Anhand eines Siebenpunkteplans erläuterte die Referentin, dass man sich viel Druck selbst schafft, indem man zum Beispiel das Letzte aus sich herausholen will. Dieses Sichantreiben lasse inneren Druck entstehen, der selbstzerstörerisch wirkt. Dahinter stehen für sie großer Ehrgeiz und die Abhängigkeit von anderen Menschen; allerdings sei das Leben keine Leistungsschau, sondern eine Bewährungsprobe und da gelte es auch, unguten Reizen widerstehen zu lernen. Viele stopfen ihren Zeitplan übervoll und sind stark leistungsorientiert. Solche Menschen nehmen sich zu wichtig und sind deshalb zu ungeduldig, so Eva-Maria Wanner. Sie haben nicht verstanden, dass alles seine Zeit braucht. Ein probates Gegenmittel sei die innere Einkehr.
Andere wollten einzigartig sein und über das Mittelmaß herausragen. „Es genügt aber, wenn ich mein Bestes gebe und meinen Mitmenschen auch mal den Vortritt lasse. Je mehr man sich verausgabt, desto verletzlicher wird man“, betonte die Referentin. „The winner takes it all“ – wer möchte da zu den Verlierern gehören? Aber was ist wirklich Gewinn und was Verlust? Hier riet Eva-Maria Wanner: „Haben Sie den Mut, auch mal die zweite Geige zu sein, davon gibt es nicht nur mehrere, sondern die erste könnte nicht ohne sie.“ Wer immer den ersten Platz einnehmen wolle, stehe unter der Fuchtel des Hochmuts und nehme seine momentane Lebensaufgabe nur als bedeutungslos wahr. Wer es allen recht machen möchte, hat ganz schlechte Karten, denn er stellt sich eine unerfüllbare Aufgabe und lässt sich komplett fremd bestimmen, so ihre Einordnung.
Dann gibt es laut Eva-Maria Wanner noch die Kontrolleure, die am liebsten alles selbst machen, um nichts dem Zufall zu überlassen. „Das Leben kann man nicht wirklich kontrollieren, es ist ein Prozess, der sich nicht nur entwickelt, sondern seine eigene Wege gehen möchte“, unterstrich die Rednerin.

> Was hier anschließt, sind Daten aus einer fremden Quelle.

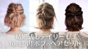 今流行りのボブは、短い長さでフレッシュな印象が、魅力的なヘアスタイルです。 しかし、髪の長さが短いことから、 ヘアセットしたいけどどうすればいいの…?と悩む人もいるでしょう。 そこで今回は、 ◯流行りのボブのヘアセットのポイント◯結婚式にお…

Das krasse Gegenteil seien jene Menschen, die an Minderwertigkeitskomplexen leiden und sich stets beweisen müssen. Hinter all dieser Anspannung stehe der Wunsch, geliebt zu werden, doch kein Mensch kann diese Sehnsucht erfüllen, sie sei im Göttlichen zu suchen.
In ihrem fundierten, leidenschaftlichen und überzeugenden Vortrag gab Eva-Maria Wanner den Zuhörerinnen Tipps, wie man das Mittelmaß zwischen Anspannung und Entspannung finden kann: Als Erstes sollte man sich auch an kleinen Dingen erfreuen und nicht vergeblich auf den großen Coup warten. Geistliche Schriften wie die Bibel bauten auf und fungierten auch als Ratgeber. Im Gebet mit Gott könne man viele Dinge abgeben, sich aussprechen und auch Lösungen finden. Nicht jede Sekunde gelte es auszukosten, sondern immer wieder freie Zeit zum Relaxen einzuplanen, um spielerische Momente ins Leben einfließen lassen zu können. Ein Tag in der Woche sollte in Gedanken und Tat arbeitsfrei sein. Eine wichtige Basis sei zudem das Vertrauen in das Leben als solches ohne Erwartungen. Weniger sei mehr, das gelte auch für Pläne und Termine. Mit diesen Ratschlägen könnten die Betreffenden den größten Gewinn einfahren – ein lebenswertes und erfülltes Leben.